I want to point out a few things first before I give you this "edited" version of an article I found thanks to the Freedom of Information Act of 1972 you can find just about anything (if you take the time to look for it). I say "edited" because how do we know that this hadn’t already been edited for release to us. That and I cut it down just to hit the main points and not keep it so long and tedious. Pay attention to how Associated Press' abbreviation of the united states looks on paper. … And now without further adieu:

Global Threats and Challenges
Vice Admiral Thomas R. Wilson
Director, Defense Intelligence Agency
Statement for the Record
Senate Select Committee on Intelligence
6 February 2002

Introduction: The written testimony I provided this and other Congressional committees last February had three sections. The first highlighted key trends shaping the emerging global security environment and concluded that the general turmoil and uncertainty prevalent since the end of the Cold War would continue through the next decade, because the basic conditions driving change remained largely in place. The second section listed those potential near-term scenarios that worried me most. Some of these – a major terrorist attack against the US, worsening conditions in the Middle East, conflict between India and Pakistan – were unfortunately, all too accurate.

       (notice this- everything that was "all too accurate" he mentions as happening again. Why? What do they know that we don’t and why don’t they share it with us?)

Near-Term Scenarios: The list of near-term (12 months) things that worry me most has changed somewhat since 11 September. In terms of ‘good news,’ I am more optimistic now about the potential for lasting improvement in our relations with Russia. Putin’s decision to side with the US in fighting terrorism could be historic, although I recognize that obstacles remain. I am also less concerned about the prospects for a major confrontation between China and Taiwan. Beijing faces significant domestic changes in the coming year – the 16th Party Congress will take place this fall, and China will undertake a number of actions in line with WTO membership – and will want to use its cooperation on the war on terrorism as a means to ease tensions and maintain stability on the foreign policy front. Now for the bad news:

*         A major terrorist attack against US interests here or abroad, designed to produce mass casualties and/or severe infrastructure and economic damage, remains my most pressing concern (I will discuss the issue in more detail on page 13). (Question- there was no page 13! Why?) Operation Enduring Freedom has done significant damage to Usama Bin Ladin’s Al Qaida network, but it has not eliminated the threat. And Al Qaida is not the only organization with the capability and desire to do us harm.

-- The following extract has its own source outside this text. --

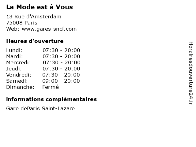 1 La Mode Est à Vous (Distance: 0,24 km) 1 Cour de Rome, 75008 Paris alimentation, beauté & sante, culture & loisirs, enfants, est, high-tech, la, maison & déco, mode, restaurants, vous 2 Christian Louboutin Le Printemps de la mode (Distance: 0,33 km) 64 Boulevard Haussmann, 75009 Paris christian, de, la, le, louboutin, maroquinerie, mode, printemps 3 Printemps de la Mode Corner (Distance: 0,36 km) 64 boulevard Haussmann, 75009 Paris bags, business, clothing, corner, de, la, mode, printemps, shoes, shopping, stores 4 Dr.Mathieu Bernard - Cardiologie (Consultation sur rendez-vous) (Distance: 0,41 km) 9 rue de Turin, 75008 Paris bernard, cardiologie, consultation, docteur, dr.mathieu, medecins, rendez, santé, sur, vous 5 Cabinet de Recrutement Manpower de Paris Commerce Mode Luxe (Distance: 0,46 km) 12 Bis Place Henri Bergson, 75008 Paris agence de recrutement, agence intérim, agence pour l'emploi, cabinet, cabinet de recrutement, cdi, commerce, de, intérim, luxe, manpower, mode, paris, recrutement 6 Agence d'Intérim Manpower Paris Couture Mode (Distance: 0,46 km) 12 Bis Place Henri Bergson, 75008 Paris agence, agence de recrutement, agence intérim, agence pour l'emploi, cabinet de recrutement, cdi, couture, d'intérim, intérim, manpower, mode, paris, recrutement |
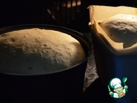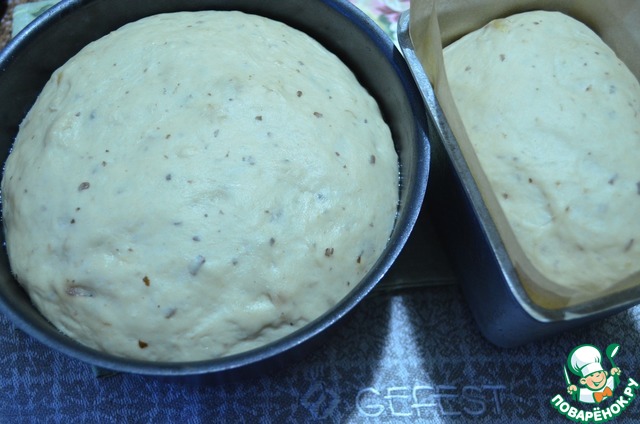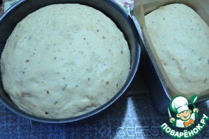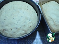Тесто накрыть, убрать на 1 час в тёплое место, для выбраживания. Затем тесто обмять, выложить в форму, смазанную маслом или силиконовую. Я разделила тесто на 1/3 и 2/3, пекла два хлеба. |

*         Escalating violence in the Middle East is also still high on my list. The Palestinian-Israeli conflict is intensifying and both sides increasingly operate from a zero-sum perspective. The pressure on moderate Arab governments is high. The situation could escalate rapidly, risking instability within these states and/or a wider regional war.

*         Major war between India and Pakistan. Tensions remain high, and another high-profile terrorist attack inside India or a major border incident between deployed forces could trigger a general war, possibly risking a nuclear exchange. Neither side has a complete appreciation of the other’s red lines. The potential for miscalculation is frightening.

*         Internal Challenges to Pakistan’s government. President Musharraf has made dramatic changes in Pakistan, but he faces opposition, perhaps violent, from extremists. Pakistan’s future course has a direct impact on US counterterrorism and counter-proliferation policies.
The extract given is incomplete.